I pull myself and the radio out of the hole and stumble around piles of Japanese bodies I can’t look in the face. Nearby, a cheap, gold-gilded Buddha has slipped from the hands of the dead Japanese boy. I pocket it. A corporal and I tie our fatigue jackets to bamboo poles to create a makeshift litter. We slip back to Preacher’s foxhole and heave the injured sergeant onto it.
We’re the last to leave the mound, save for Preacher, who pushes us out. The shelling has stopped, and the Japanese will soon charge. Crossing the river, knowing we’re as vulnerable as naked babes, I feel my courage drain. Behind me, on the bank, an enemy gunner sets up a Nambu machine gun.
On the opposite side of the river, one of our men takes aim while we’re in the middle of the current, hoisting the litter as high as our tensed muscles allow. The radio on my back makes the effort even more tortuous. My heart is beating in my throat and bile rises from my stomach.
Right as my sodden boots hit the dry bank, our side fires, and the Nambu gunner falls over his weapon. As we rush for cover, a chill ripples through me. I’m still alive.
We return to the protection of the wet rice paddy where we spent the night before, and I set up the radio. Next to me, the corporal snaps a twig, tosses each half into the distance, and fumes. “What happened to the tanks? Where are the artillery and the Chinese X Force? Are the Chindits going to stand us up, too? It sure looks like we’re in this alone.”
Preacher looks up to the sky, then answers, “Hunter said two brigades of about ten- thousand Chindits, are being flown in on gliders tonight. Operation THURSDAY is launching from Imphal, India right now.” We’re out of food, and Preacher has forbidden us from lighting up any fags, so our hopeful eyes and ears are on him.

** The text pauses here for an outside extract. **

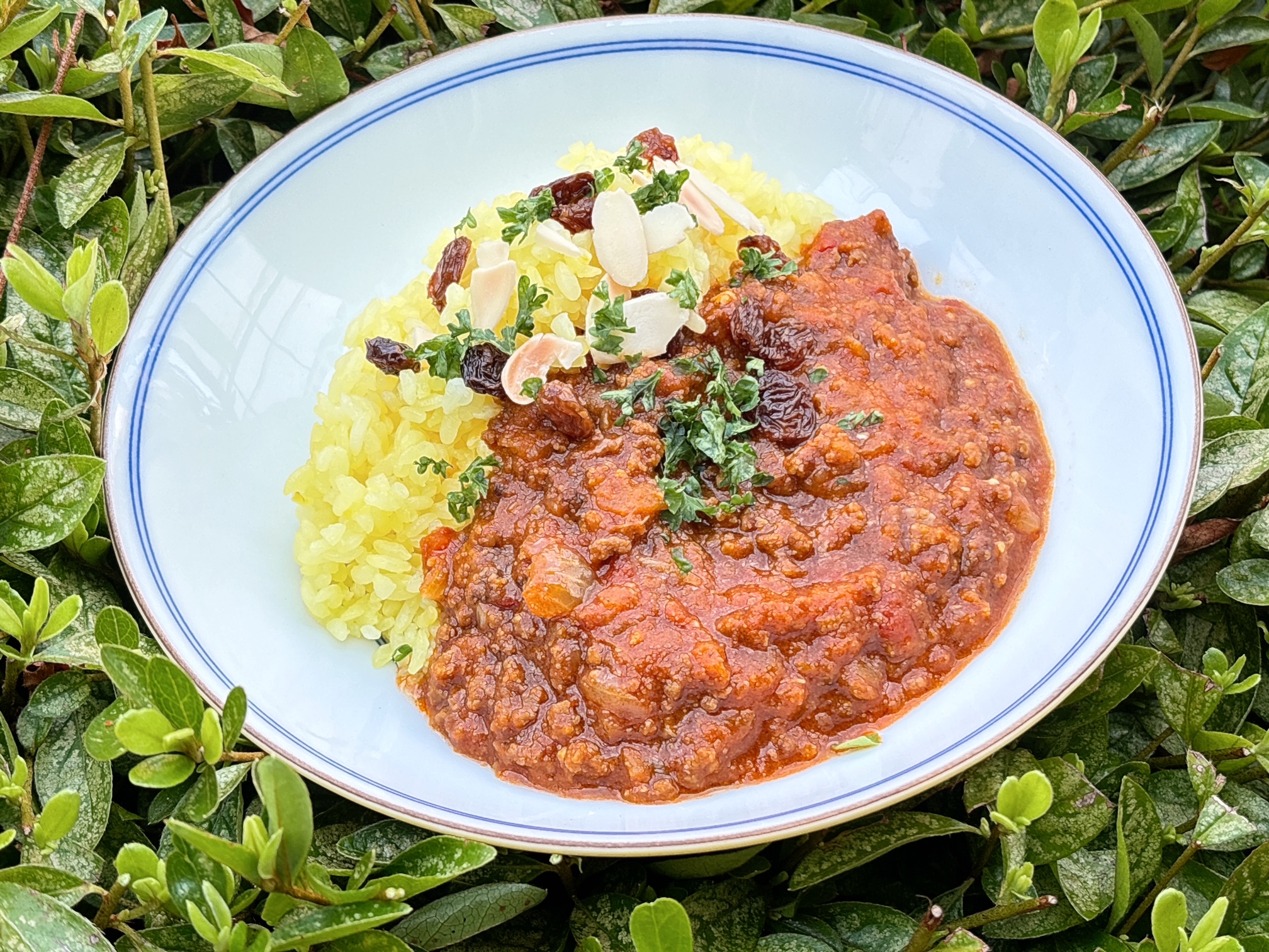 合わせるご飯は香り高く身体が喜ぶサフランライス❣小麦アレルギーの方のために小麦不使用でご提供することも可能です。

The brilliant setting sun paints the western horizon, while a full moon rises in the east. Preacher pulls off his ripped shirt; lays his poncho over the squishy, wet field; sits down; and continues, “Michael Calvert’s 77th Brigade will land on a rice field south of the Mogaung Valley tonight; the site’s code name is BROADWAY.”
He rolls his neck around, and it pops with released tension. “Ferguson’s men just arrived at Aberdeen, and Masters’ brigade’s to be dropped on the other side of the Irrawaddy River, then march to BLACKPOOL. So the bottom tip of the Mogaung Valley will be covered by the Chindits. Sure hope Masters’ men get across that river before the monsoon floods start.”

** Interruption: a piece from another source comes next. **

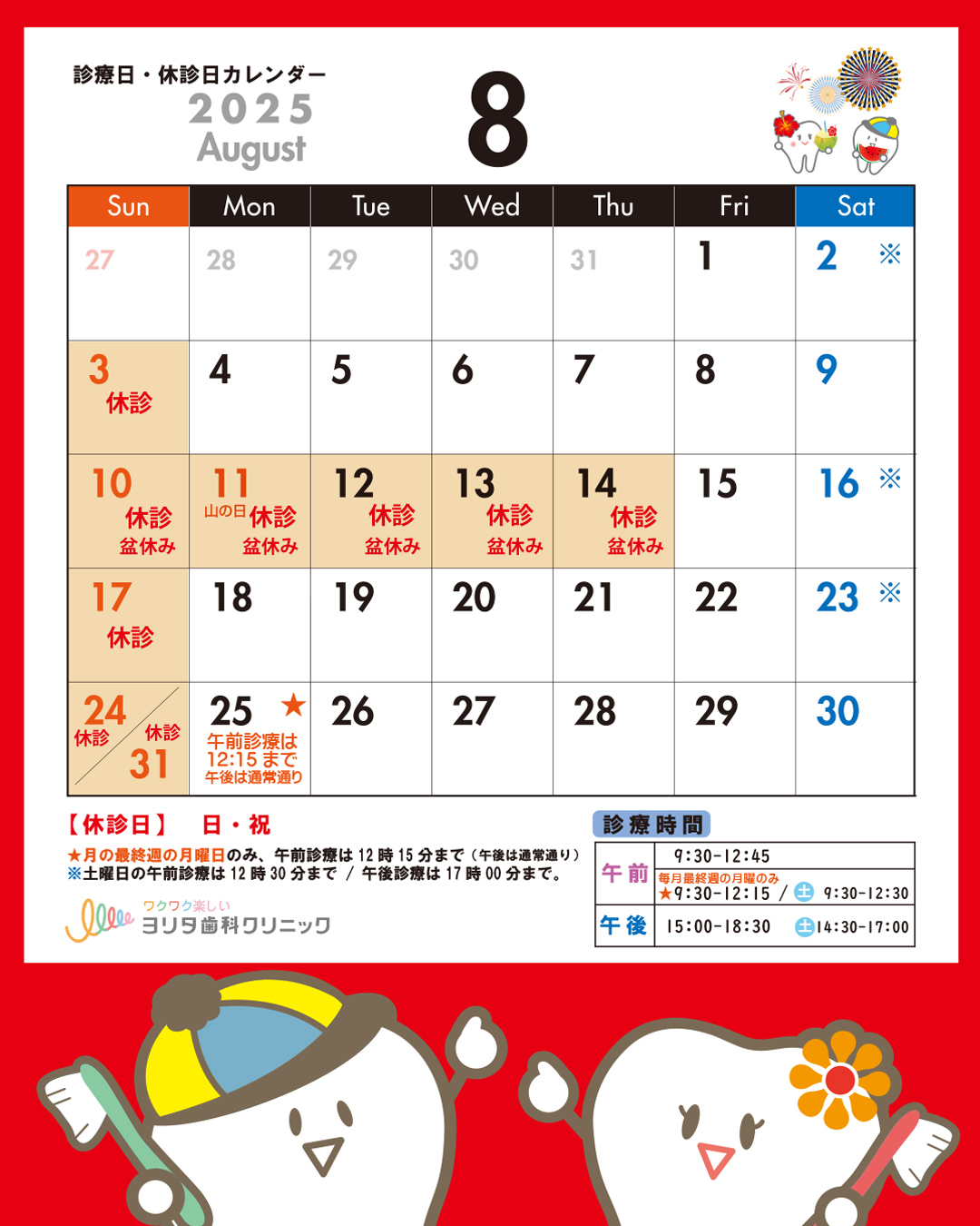 🏝8月の休診日は、

Suddenly, there’s a crackling sound next to me. I reach for my rifle, but relax as the radio static continues. The Orange combat commander is on the line. “Where are you guys? Over.” Explosions erupt in the infantry’s background, reminding us we can’t let down our guard.
Preacher jumps up and grabs the earphones. “We’re holed up on a soggy field, east side of the river. Hey, we’re waiting for the tanks and Chinese. What happened? Over.”
We listen as raucous laughter breaks out on the other side of the line. “The tanks took a wrong turn. They’re camping for the night. And the X Force got lost on the other side of the river.” His laughing turns to coughing, so he signs out. I think about all the smoke and dust in that crossfire and wonder whether I’d rather be here or there.
We all bed down for the night, happy to be alive for the moment. No one’s to talk, walk, or smoke. “I’ll grenade anything that moves,” Preacher promises. “If you’ve got to go,” he says, “pee in your helmets.”